__Task__
Omit the pictures, and output the rest of the entries exactly as written.

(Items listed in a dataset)
BEGIN

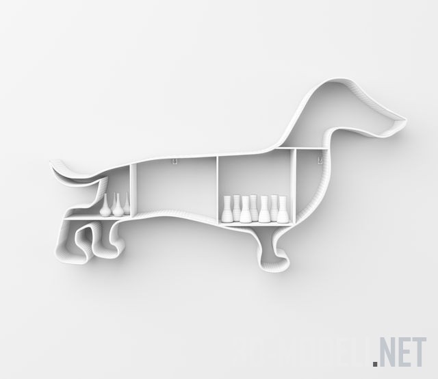 Забавная полочка из неширокой металлической полосы, согнутой в виде контура таксы. Фигурка собаки выполнена достаточно реалистично: длинное туловище на коротких ножках, веселый хвостик и характерная форма головы. Внутри фигуры несколько вертикальных плоскостей, которые делят полку на отдельные части. На полке стоят разноцветные флакончики лака для ногтей. Размер полки: 76 х 42 х 10 см.
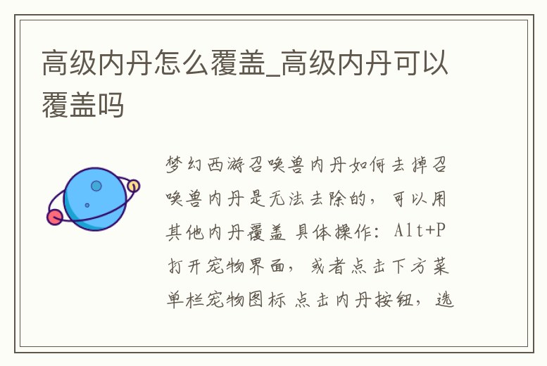 高級內丹怎么覆蓋_高級內丹可以覆蓋嗎
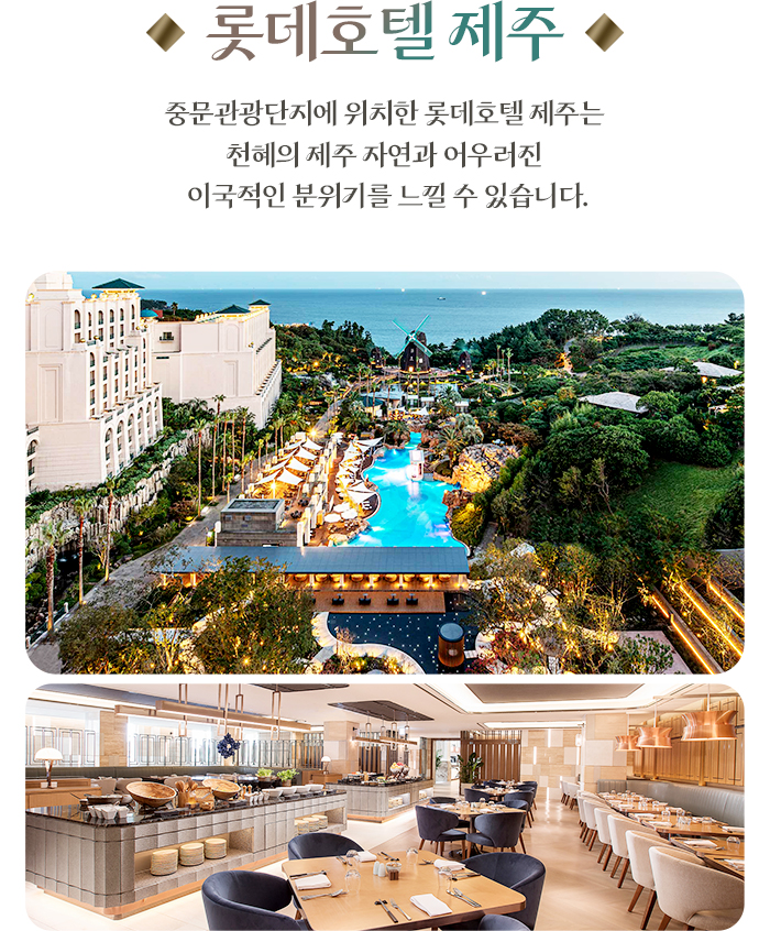[제주 에어카텔] 다인오세아노호텔(애월) 1박 + 롯데호텔(중문) 2박 자유여행 4일
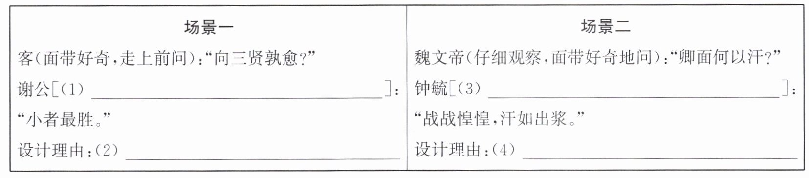 18. 《世说新语》的语言精练含蓄,隽永传神。明代胡应麟说:“读其语言,晋人面目气韵,恍然生动。”请你展开联想与想象,为下面两个场景设计人物对话时的神态、动作、心理活动,并说明设计理由。
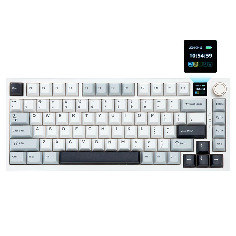 Élénk színű multimédiás képernyő - A DIY multimédia kijelző képernyője a billentyűzet jobb felső sarkában lehetővé teszi az idő, az akkumulátor hangerejének, a GIF -képnek, a kupaklárnak, a csatlakozási módnak, a Win/Mac rendszernek, a háttérvilágítás fényességének/sebességének, az RGB módjának/színének, a hangerőnek és másjának megjelenítését.
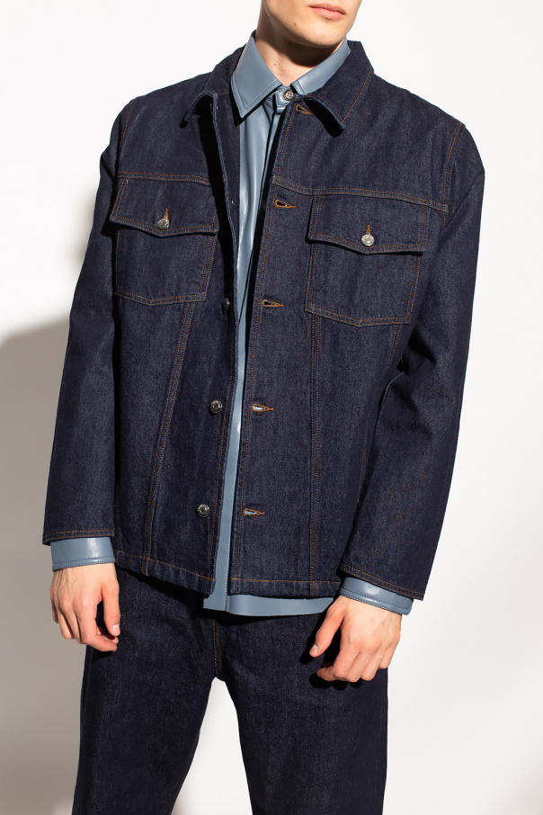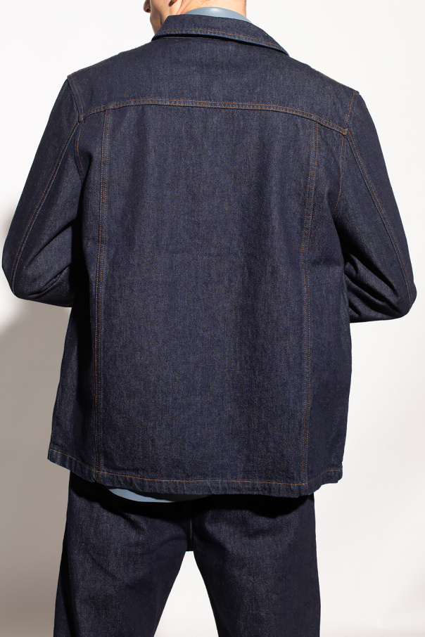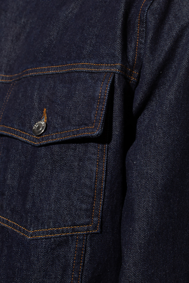 Dark navy blue denim jacket from Nanushka. Crafted from organic cotton, this style features button fastenings, exposed stitching in brown, two slip pockets and two button pockets.
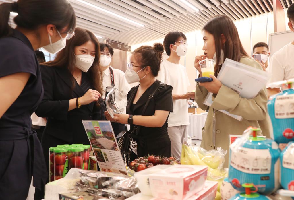 第五届进博会食品及农产品展区、医疗器械及医药保健展区展前供需对接会在国家会展中心(上海)举行。这是对接会嘉宾在参展企业展位前品尝水果(2022年8月30日摄)。新华社记者方喆 摄

END

__Answer section__
 Забавная полочка из неширокой металлической полосы, согнутой в виде контура таксы. Фигурка собаки выполнена достаточно реалистично: длинное туловище на коротких ножках, веселый хвостик и характерная форма головы. Внутри фигуры несколько вертикальных плоскостей, которые делят полку на отдельные части. На полке стоят разноцветные флакончики лака для ногтей. Размер полки: 76 х 42 х 10 см.
 高級內丹怎么覆蓋_高級內丹可以覆蓋嗎
[제주 에어카텔] 다인오세아노호텔(애월) 1박 + 롯데호텔(중문) 2박 자유여행 4일
 18. 《世说新语》的语言精练含蓄,隽永传神。明代胡应麟说:“读其语言,晋人面目气韵,恍然生动。”请你展开联想与想象,为下面两个场景设计人物对话时的神态、动作、心理活动,并说明设计理由。
 Élénk színű multimédiás képernyő - A DIY multimédia kijelző képernyője a billentyűzet jobb felső sarkában lehetővé teszi az idő, az akkumulátor hangerejének, a GIF -képnek, a kupaklárnak, a csatlakozási módnak, a Win/Mac rendszernek, a háttérvilágítás fényességének/sebességének, az RGB módjának/színének, a hangerőnek és másjának megjelenítését.
 Dark navy blue denim jacket from Nanushka. Crafted from organic cotton, this style features button fastenings, exposed stitching in brown, two slip pockets and two button pockets.
 第五届进博会食品及农产品展区、医疗器械及医药保健展区展前供需对接会在国家会展中心(上海)举行。这是对接会嘉宾在参展企业展位前品尝水果(2022年8月30日摄)。新华社记者方喆 摄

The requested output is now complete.